Psychologische Fachgutachten zur Beurteilung der Auswirkungen einer schizophrenen Erkrankung
Im Kontext der psychologischen Sachverständigentätigkeit ergeben sich auch vielfach gerichtliche Fragestellungen zu den Auswirkungen einer schizophrenen Erkrankung. Dies kann z.B. im Kontext der Geschäftsfähigkeit sein, wenn es um die gutachertliche Einschätzung einer einzelnen oder auch überdauernden Symptomatik im Formenkreis der Schizophrenie geht. Vielfach kann es dazu gekommen, dass die Geschäftsfähigkeit durch die bei der schizophrenen Erkrankung auch ausgelösten kognitiven Symptomatik eingeschränkt oder aufgehoben ist.
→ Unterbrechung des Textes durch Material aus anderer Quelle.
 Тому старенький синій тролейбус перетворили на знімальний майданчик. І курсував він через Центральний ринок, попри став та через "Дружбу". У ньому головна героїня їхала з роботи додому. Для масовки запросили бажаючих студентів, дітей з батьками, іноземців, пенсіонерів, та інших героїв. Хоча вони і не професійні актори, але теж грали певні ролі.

Auch z.B. in familiengerichtlichen Fragestellungen ergeben sich Sachverständigenbeurteilungen bezogen auf die Auswirkung der schizophrenen Erkrankung auf die Beziehungs- und Erziehungsfähigkeit.
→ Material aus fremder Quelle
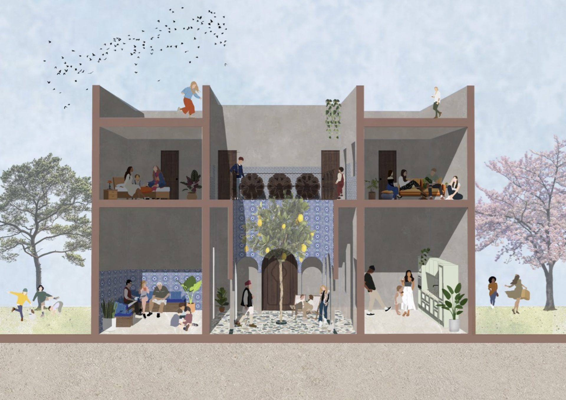 Geïnspireerd door de Marokkaanse Riad, een huis dat draait om de binnentuin, het hart van geloof, familie en gemeenschap - zoek ik naar een hedendaagse vertaling:

Zu den Negativsymptomen der Schizophrenie gehören eine Veränderung der affektiven Regulationsfähigkeit, eine Verarmung der sprachlichen und non-verbalen Expressivität sowie Störungen in der sozialen Interaktionsfähigkeit. Auch hierdurch werden die Beziehungs- und Erziehungsfähigkeit erheblich beeinflusst. In diesem Zusammenhang stellen sich z.B. die Fragen nach den konkreten Auswirkungen der Erkrankungssymptomatik sowie möglichen Interventionsmaßnahmen. Hierzu ist eben auch eine konkrete am Einzelfall orientierte Beurteilung der Erkrankungsfolgewirkungen erforderlich, weil sich das schizophrene Erkrankungsbild unterschiedlich abbilden und v.a. auch im Verlauf eine eigenständige Dynamik annehmen kann. Aufgurnd der durch die Erkrankung auch ausgelösten kognitiven Störungen sind häufig auch basalere Fähigkeiten, wie die Emotionserkennung, aber auch komplexere Funktionen, wie z.B. Empathie, gedankliche Perspektivenübernahme und soziales Problemlösen, zeitweise, z.T. auch länger im Zeitverlauf vorliegend, betroffen.